The introduction of the Emulator created a new market; suddenly, everyone had to have a sampler. E-mu quickly realized that there was money to be made selling not only the synths, but also packaged libraries of samples. This led to further designs with samples pre-installed in ROM, and the results were the hugely popular Drummulator digital drum machine, and the Proteus line of sample playback synths. Manufacture of modulars ceased, and for the next twenty years E-mu concentrated on samplers, sample playback synths (eventually over two dozen models were produced), and other digital technology such as the "Z-plane" complex response filters pioneered in the Morpheus.
Rossum and Wedge sold the company to Creative Technologies in 1993. Rossum remained with Creative, but Wedge departed immediately after the acquisition was complete.

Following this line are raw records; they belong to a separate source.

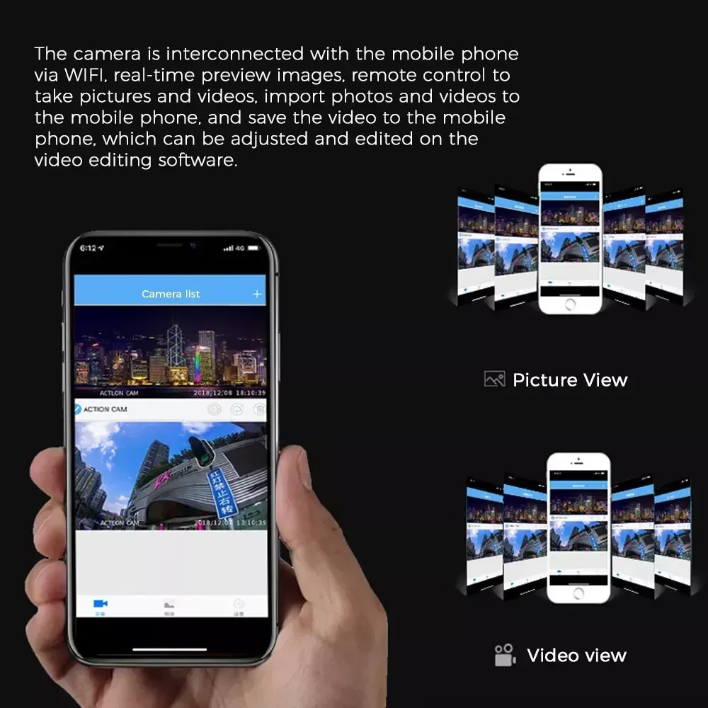The camera is interconnected with the mobile phone via WIFI, real-time preview images, remote control to take pictures and videos, import photos and videos to the mobile phone,
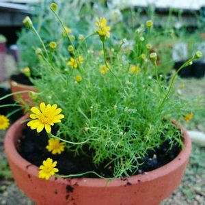 この黄色いお花は何だっけ🌼😆 GSで見て書き留めておくのを忘れました💦 昨年の春に市の方からいただいて 切り戻しを繰り返しながらずーっと咲いてます🌼 種が飛ぶようでほかの鉢からも咲いてます🌼 小さなお花ですが、グリーンの中のアクセントになって気に入ってます〜💚
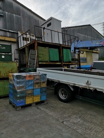 積み込み作業をしながら、次の荷物を番線で固定していくので
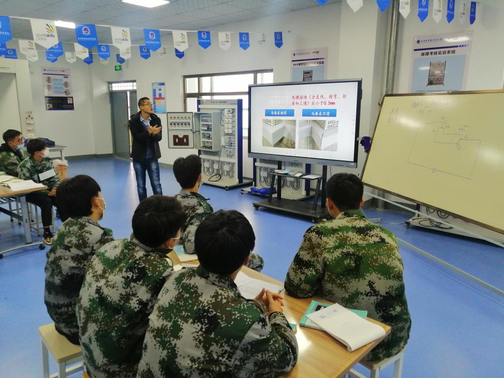 为提高教师队伍建设,夯实实训教学基础,按照教务处和我院“教学质量月”活动方案,电气工程学院在第16周组织了中青年教师教学公开课活动。2021年12月9日上午,我院青年教师、电力系统自动化技术专业负责人贾文鹏老师,在3号实训楼电气安装实训中心进行了“电工技术实训”现场公开教学。教务处处长孙永忠、副处长马政、纪检监察室主任杜建霞、校级督导专员曹文煜、赵峻、于淑梅老师及电气工程学院班子成员、部分教师现场听课。
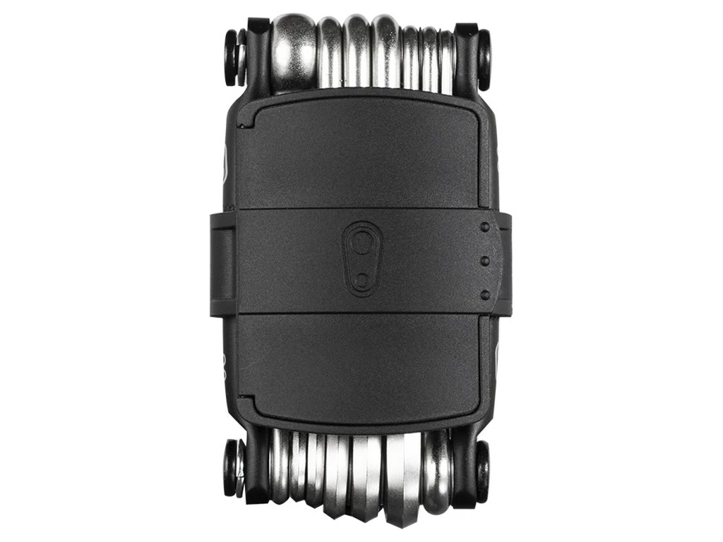 Multiværktøj fra Crankbrothers med 20 forskellige stykker værktøj, inklusiv et integreret dæk plug værktøj, samt opbevaring til plugs og ekstra kædelink.

Production of synths continued, but by 2001, software samplers were cutting into E-mu's market. The last samplers and sample playback machines were introduced in that year, and production of all hardware instruments was discontinued in 2004. At that time, the company introduced the Emulator X sampling soft synth, and shifted its hardware design efforts to high-end sound cards and audio interfaces. An attempt in the mid-2000s to get into the digital studio gear market failed, and Creative's acquisition of Ensoniq and attempt to merge it with E-mu created staffing and morale problems. After several years of losing money, Creative shut down E-mu in 2011.